Just about one week ago I had another idea how I could get it working, and it actually worked. The solution was to just unplug the wifi stick at boot, then enable tracing and plug in the stick again(I don't know why I didn't try that a few months ago tbh). I've sent the two files(dmesg and tracing) to Mathias Nyman again, but this time he didn't respond(I've sent the mail on July 11th). 

Should I send the whole tracing file and dmesg log to the mailing list instead? What is the preferred way to send files that are too big for an e-mail(tracing is around 17.6MB in size)?
Comment 47 Stanislaw Gruszka 2019-07-22 07:54:20 UTC
Bernhard, thanks for the update and provide debug data to the maintainer.
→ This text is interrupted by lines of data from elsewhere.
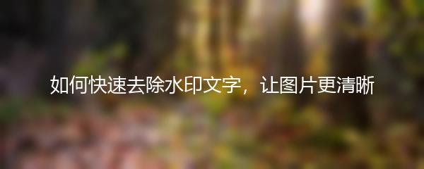 以上就是如何快速去除水印文字的方法。通过使用图片编辑软件中的修复工具,可以轻松去除照片中的水印文字。去除水印文字后,照片的视觉效果将更加清晰,质量也将得到提升。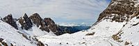 De Laserzkessel in de Lienzer Dolomieten met Gamswiesenspitzen en Bloßkofel na een nachtelijke sneeuwval, Tirol, Oostenrijk;
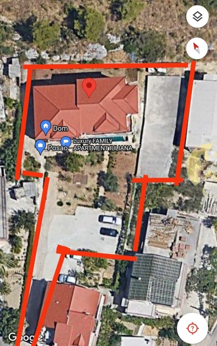 On the plot there is a residential building with an area of ​​145 m2, which can be upgraded with 2-3 residential units of 50 m2 each. The road leads directly to the house and there is no continuation. Each apartment has a parking space in the yard.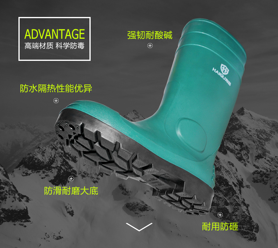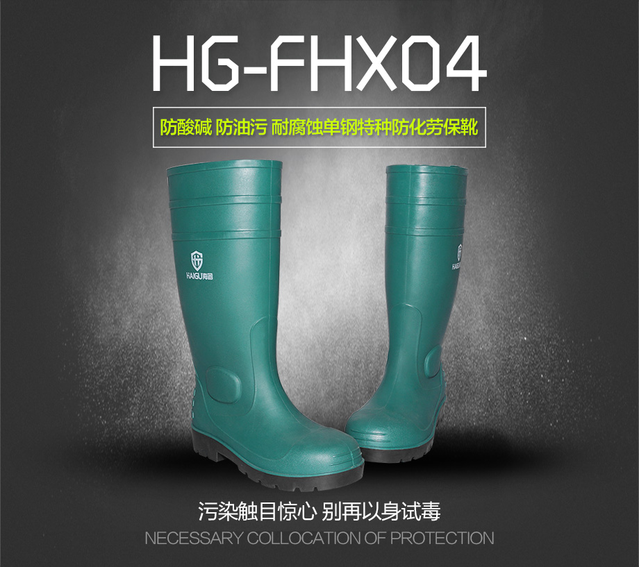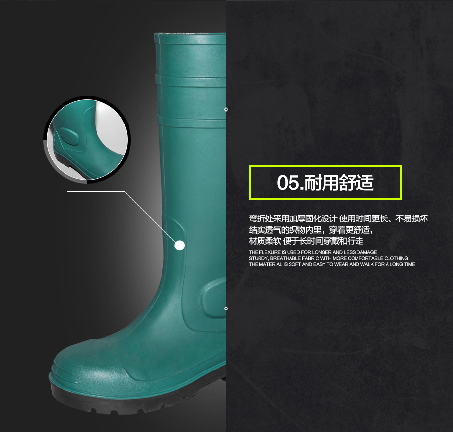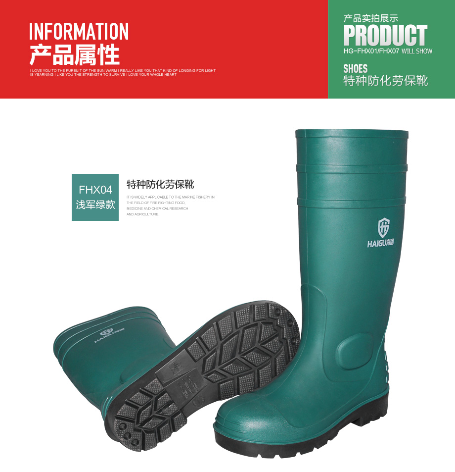 名稱:一級靴子-單鋼綠幫黑底防化靴
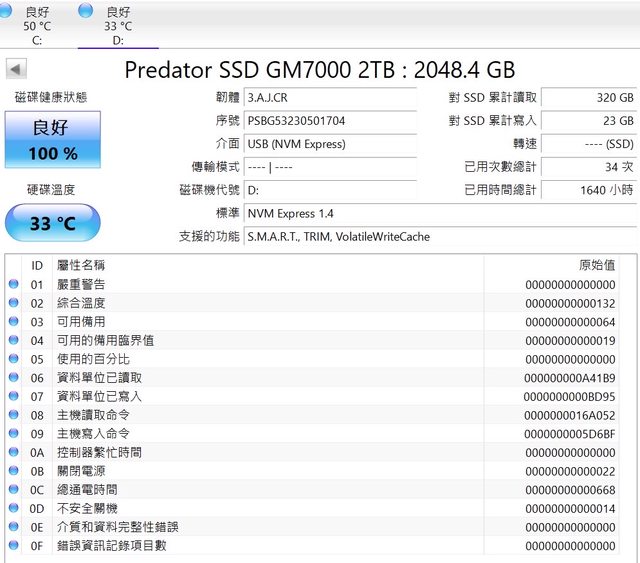 ◎硬體型號: Acer GM7000 2TB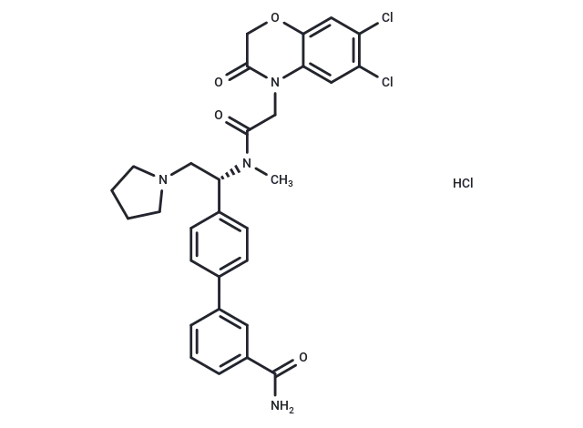 – C(C(N([C@@H](CN1CCCC1)C2=CC=C(C=C2)C3=CC(C(N)=O)=CC=C3)C)=O)N4C=5C(OCC4=O)=CC(Cl)=C(Cl)C5.Cl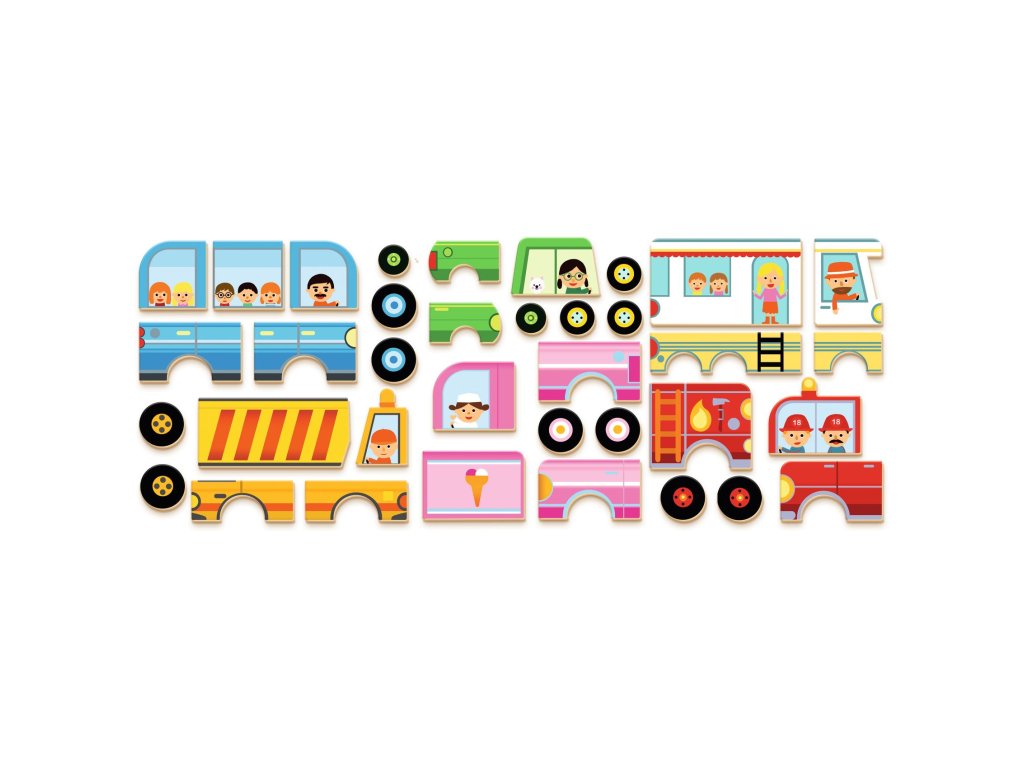 Magnetická skladačka Vozidlá Poskladaj autá, stroje a vymýšľaj vlastné dopravné príbehyMagnetická skladačka Vozidlá je kreatívna magnetická hra, v ktorej deti skladajú rôzne dopravné prostriedky pomocou magnetických dielikov. Kombinovaním kolies, karosérií, kabín a doplnkov si môžu vytvoriť klasické aj úplne bláznivé vozidlá podľa vlastnej fantázie.Dieťa si vyberie magnetickú podložku a postupne na ňu prikladá magnetické časti, mení ich poradie a skúša nové kombinácie.Pre koho je vhodná: odporúčaný vek: od 3 rokov pre deti, ktoré milujú autá, stroje a dopravné prostriedky pre rozvoj fantázie a jemnej motoriky vhodná na samostatnú hru aj hru s rodičomČo sa dá s produktom robiť skladať rôzne typy vozidiel z magnetických dielikov kombinovať časti a vytvárať vlastné originálne stroje meniť detaily a skúšať nové riešenia vymýšľať dopravné príbehy a situácie hrať sa opakovane – žiadne vozidlo nemusí byť rovnakéHlavné benefity magnetická hra s množstvom kombinácií rozvíja fantáziu, kreativitu a technické myslenie trénuje jemnú motoriku a koordináciu oko–ruka podporuje samostatné a tvorivé hranie praktické balenie vhodné na doma aj na cestyObsah balenia magnetická podložka magnetické dieliky vozidiel kartičky s predlohamiDodatočné parametre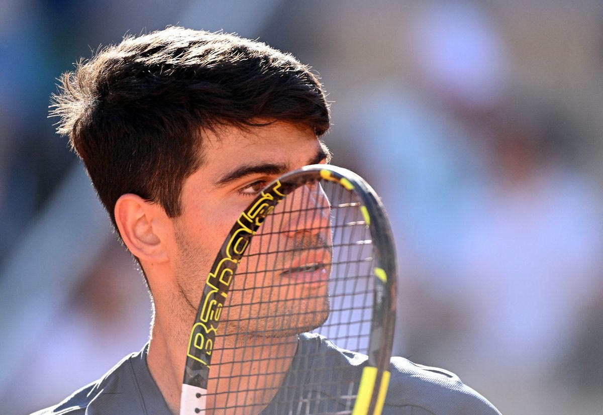 epa11395914 Carlos Alcaraz of Spain in action during his Mens Singles semi final match against Jannik Sinner of Italy during the French Open Grand Slam tennis tournament at Roland Garros in Paris, France, 07 June 2024. EPA/CAROLINE BLUMBERG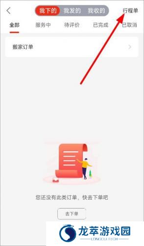 3、打开订单页面,可以看到我下的订单、我发的订单以及我收的订单,点击右上角行程单。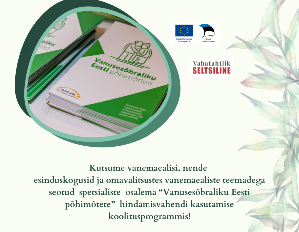 MTÜ Vabatahtlik Seltsiline kutsub osalema Vanusesõbraliku Eesti põhimõtete hindamisvahendi kasutamise koolitusprgrammis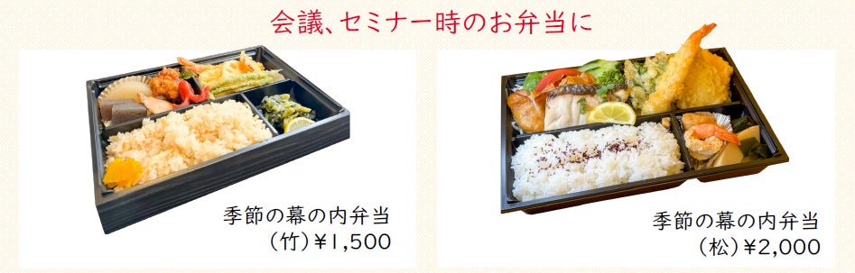 重要な会議・セミナーには、季節の幕の内弁当がオススメ。価格帯は幅広くご対応します。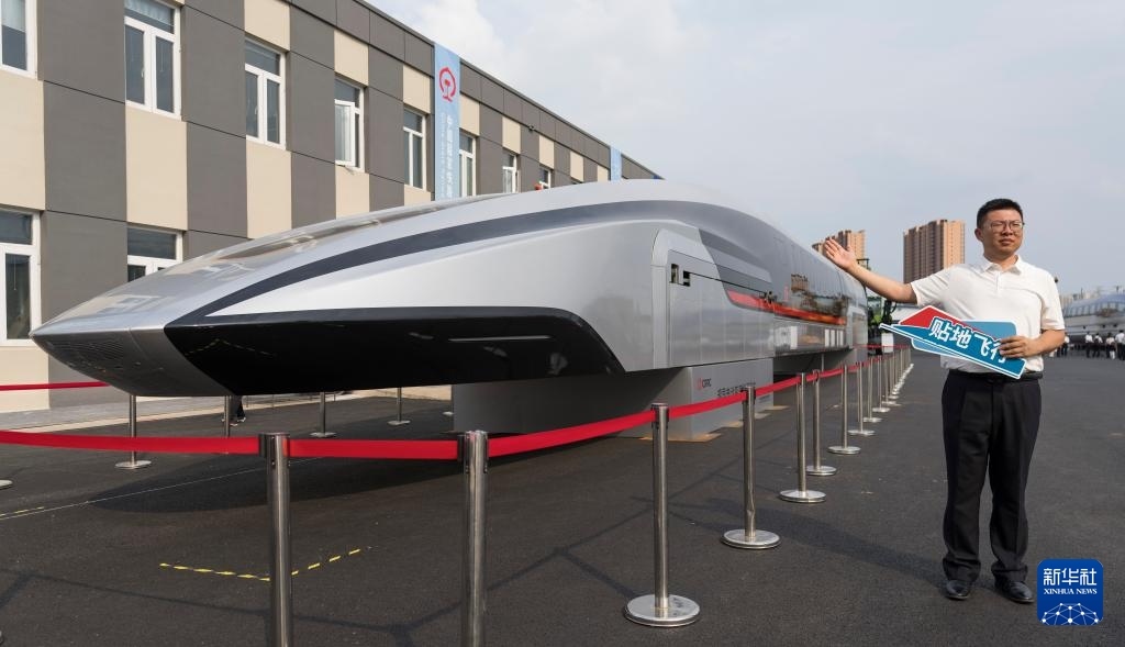 這是7月9日在國家鐵道試驗(yàn)中心展區(qū)拍攝的時(shí)速600公里高速磁浮交通系統(tǒng)。新華社記者 才揚(yáng) 攝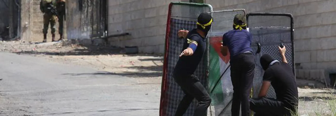نابلس کے قریب مغربی کنارے کے گاؤں کفر قدوم میں یہودی بستیوں کی توسیع کے خلاف احتجاج کے بعد جھڑپوں کے دوران مظاہرین میں سے ایک فلسطینی شہری اسرائیلی فوجیوں پر پتھراؤ کررہا ہے۔(شِنہوا)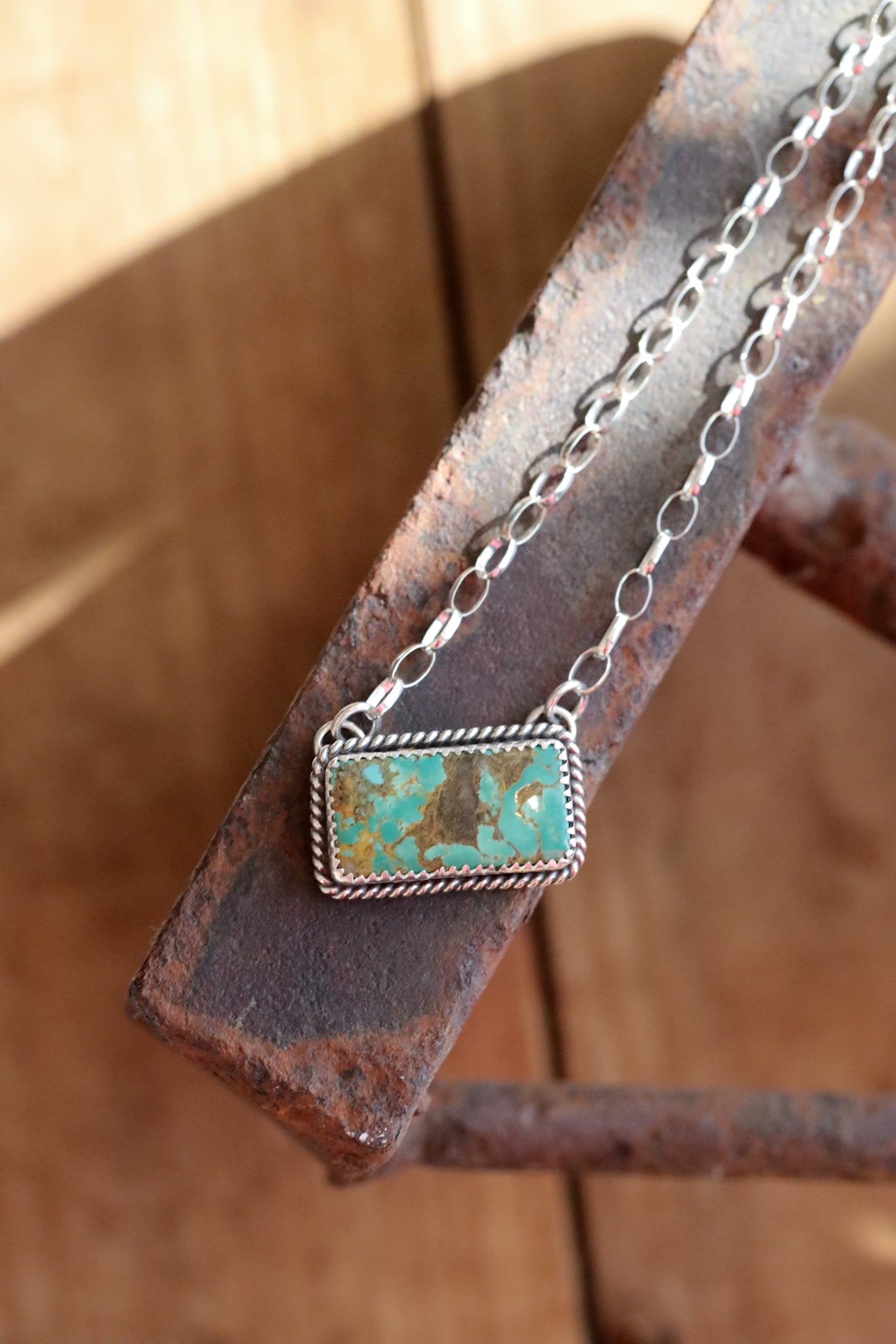A pretty little bar of Tyrone mine turquoise set in sterling silver and wrapped in a rope border! The chains measure 18" from end to end, and the bars are about 1" by .5". The links on the chain are large enough that it can be clasped anywhere along the length so you can layer with other necklaces.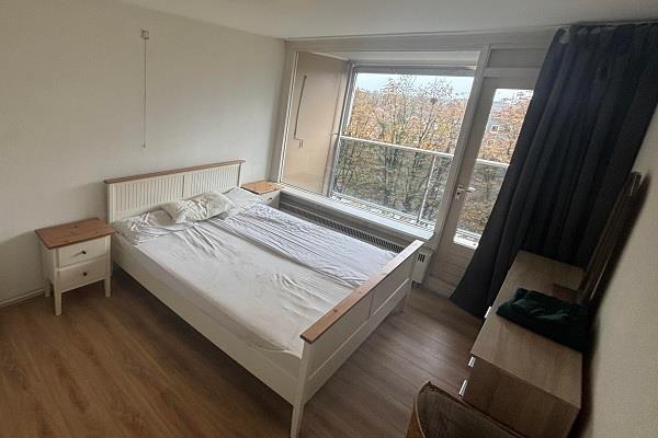 Entree/hal met toilet, videofooninstallatie en de meterkast. Woonkamer met zonwering en toegang tot het balkon aan de voorzijde. Eenvoudige dichte keuken met alle gemakken, toegang tot het balkon aan de achterzijde met een bergkast. De hoofdslaapkamer aan de voorzijde geeft eveneens toegang tot het balkon, een 2e slaapkamer aan de achterzijde en een 3e slaapkamer aan de voorzijde met eigen balkon. Badkamer met douche, wasmachine en wastafel.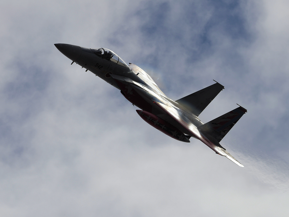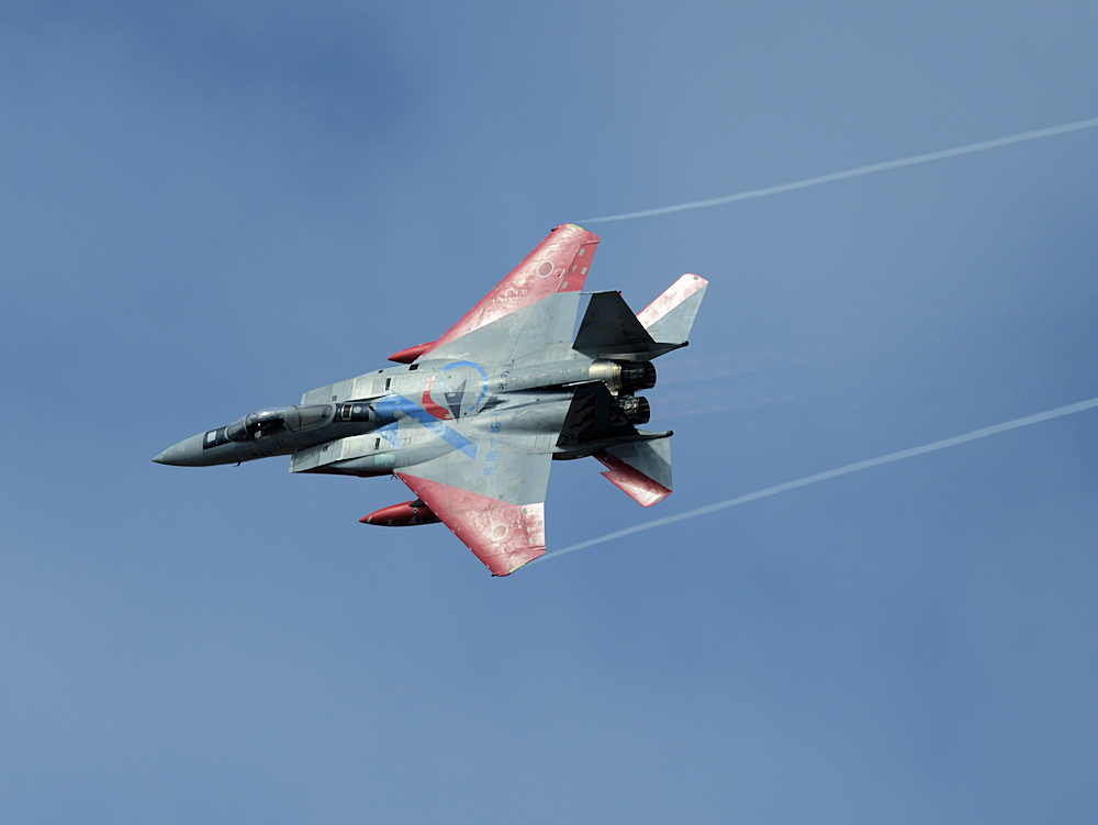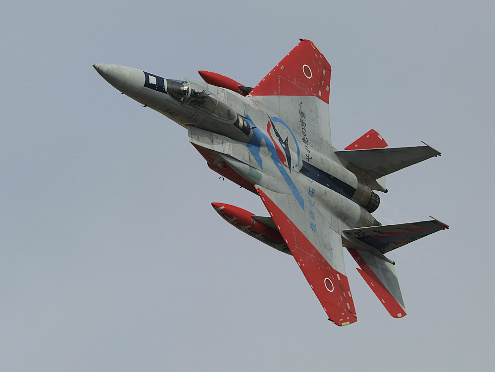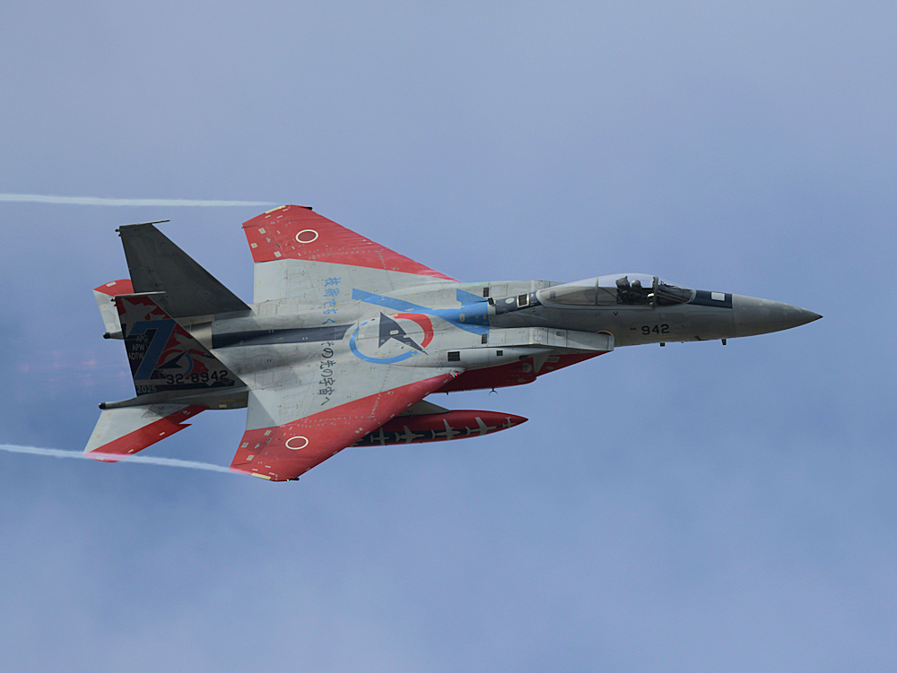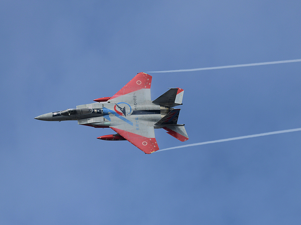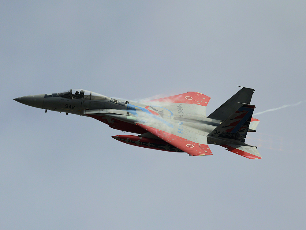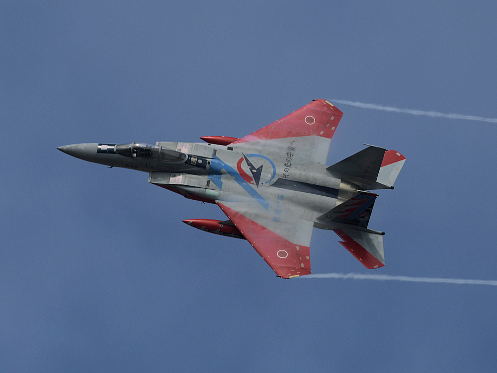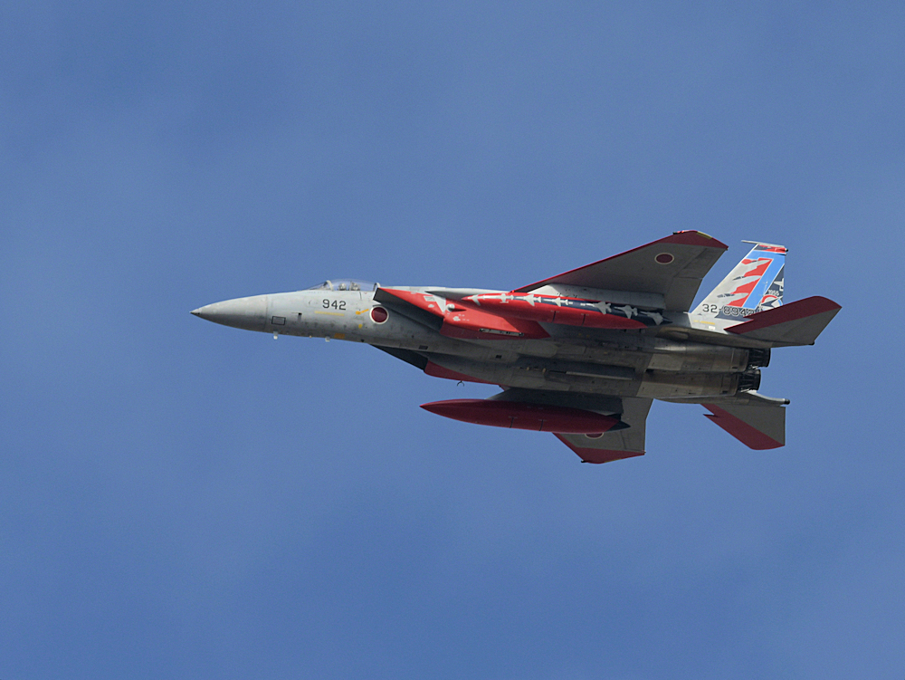 おおむね定刻にF-15Jの記念塗装機が訓練開始。

I think you should ping him on mailing list and ask if anything else need to be provided or how to precede otherwise. Maybe we can we just revert the patch?

This issue is annoying and I see more users entering it (and blaming mt76x0u or rt2800usb drivers). It should not be hard to fix since is regression (commit causing it is known) and is reproducible.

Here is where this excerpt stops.